私はポケットに入れたままになっていた白い手袋を手に付ける。そして、彼女にそっと手を差し出した。
「これでいいだろうか」
「……」
「大丈夫。そっとつかんで。そうだ、いいぞ」
戸惑う彼女に手を差し出し続けると、やがて娘は私の手に触れる。細い指が私の手を掴む。それをそっと包んで、私は微笑んだ。
「ここじゃ何も話せない。一緒に、外へいこう。ゆっくりと、君と話をしたい」
失われそうになる小さな小鳥を扱うように、私はそっと彼女の背を押した。
「旦那様!?」
「馬車の用意だ。娘を脅かさないようにね」
二人でドアを開けた瞬間、メイド長だけでなくロバートまで目を丸くした。
「どちらへ行かれるのです。私もご一緒に……」
「いや、大勢だとこの子が驚くから僕一人で平気だ。それに何かあっても、僕の作った爆弾を持って行くから大丈夫」
私は胸ポケットから小さな丸い玉を取りだしてみせる。投げれば激しい音を立てて爆発する、花火爆弾のプロトタイプ。実験はまだだが、きっと効力は高い、と私は見ている。

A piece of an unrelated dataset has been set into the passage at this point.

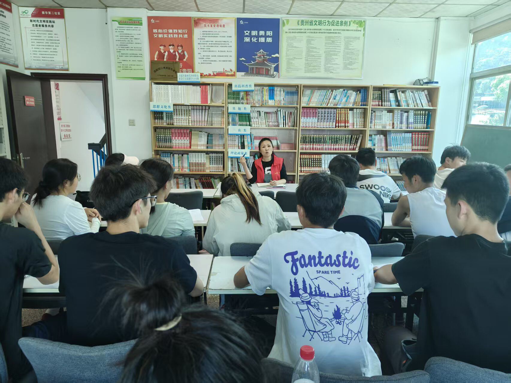 4月18日下午16:00时,全体团员抵达乌当区振华第二社区。杨再燕主持动员会议,介绍了“全民阅读·结对同行”的主题内涵,强调青年志愿者在传播环保理念、推动社区文明建设中的重要作用,并就岗位分工与安全事项作了安排部署。

「二人とも心配性に過ぎるのだ。僕だって、一人で市中に出られるさ」
付いてこようとする二人を手で追い払い、私は少女をエスコートする。
光の元で見る彼女も愛らしい。娘は青白い顔を袖で顔をかくし俯いた。口をきゅっと閉じ、顔をひたすらに押さえているのは涙を一粒も零すまいという彼女なりの気遣いなのだろう。
なんといじらしい献身だろうか。
しかしそんな少女のことなど見もせずに、ロバートが私の前に立ちふさがる。
「せめて行き先を……どちらへ……?」
「塔の下の公園へ」
私が思いだしたのは、昨日の朝に読んだ新聞の記事のこと。
「女王陛下に贈られたジャポネのさくらがちょうど満開だそうだ」
「さくら……?」
「花だよ」
随分昔、ジャポネよりロンドンに持ち帰られた一本の苗木。それが今や公園を覆うほどに数を増やし、成長したという。いずれもかわいい花を付ける。美しく、幻想的な、その花。
ぜひこの娘に見せたいと、そう思った。そして同時に……。
「あのメイドの娘の亡骸はまだ屋敷にあるね?……結構。あの子の体に、花をかけてあげよう。せめてもの、弔いに」
言いながら私は、死んだメイドの名前さえ知らないことに気が付いた。
メイド長に名を聞こうとして……留まる。今更聞いて、なんとなるのだ。
満月の夜、メイドが死んだ。きっと、後に思い出すのはそれだけだ。名など、聞いてもきっと忘れてしまう。
この家には何十人ものメイドや男たちがいる。彼ら、彼女らは私の顔を知っている。しかし私が知っているのはたった数人。
伯爵となって半年、孤独感は日々強くなっていく。
「……今宵は誰も寝てはいけない」
私は少女の体をそっと馬車にあげながら、メイド長に言う。
そしてロバートをみる。
「僕は彼女の死を醜聞だなんて思わないぞ、ロバート」
霧雨の向こうにみえるロバートの目は、やはり静かだった。